Susan Sarandon and me

One of my favorite actresses, Susan Sarandon once said, “When I turn 80, I’d like to know that my life has been completely spent. I’d like to know that I’ve loved, I’ve help the world become a better place, that my kids are happy, that I’ve tried.”

Damn I love her thinking.

For 30 years, I have been consumed with watching as my kids grow up and then as we know happens, move out. The idea of their happiness still fills my thoughts and my heart. Some things never change. It’s like one of those old-fashioned jobs where people stayed with the same company for their whole lives, giving it their all & remaining loyal and focused. I don’t need the proverbial gold watch because watching them really is its own reward for a job I believe I executed well.

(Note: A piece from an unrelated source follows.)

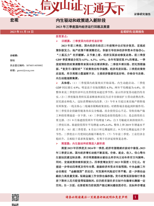 【山西证券】【20231114】2023年三季度国内经济运行回顾及展望:内生驱动和政策进入新阶段-34页

But I do remember going to social gatherings years ago & being asked ‘So, what do you do?” What a weird question, if you think about it. If I really told them what I was doing on a daily basis, it would have taken hours. Suffice to say that when I responded with “I’m a stay-at-home mom”, I would watch their eyes immediately scour the room for someone, something more interesting than me. What could I possibly contribute to a normal, intelligent adult conversation if I wasn’t out in the work world actually pulling a salary. No co-workers, no admin assistant to dump off my paperwork, no boss about which to complain. I was simply raising and nurturing my four charges, tending to their every need and trying to mold them into the best and happiest people I possibly could. Try putting that into a concise, party-friendly response.

I am happy with my work. I liked my job back then and even today I am always in awe of how the job has morphed and changed and continues to challenge me.. It sometimes feels like a moving target, but I think I’ve got the formula now.

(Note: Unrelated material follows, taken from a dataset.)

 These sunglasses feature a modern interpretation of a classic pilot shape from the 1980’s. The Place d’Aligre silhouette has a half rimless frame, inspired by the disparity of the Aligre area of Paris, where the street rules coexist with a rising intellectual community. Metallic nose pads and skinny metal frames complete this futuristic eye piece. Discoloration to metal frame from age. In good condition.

So I’m with Sarandon here.  Like her, I have loved and done so more intensely than I ever thought possible.  Her last wish, hoping “that I’ve tried” touched me because I know that I try harder to be a good parent than I’ve ever tried anything else in my life. And that’s all I really have- the trying - because I figure if I care that intensely and for that long about something, it’s sure to come out extraordinarily well.

1 comment:

  1. I think you've done more than "try." You've learned, you've grown, you've adapted and you've changed (even when it was forced upon you). And you've got the evidence of a job insanely well done in the form of four well-adjusted (though oddly all very loud) young adults who, by the way, also think you've done well. So you and Susan Sarandon, you're peas in a pod.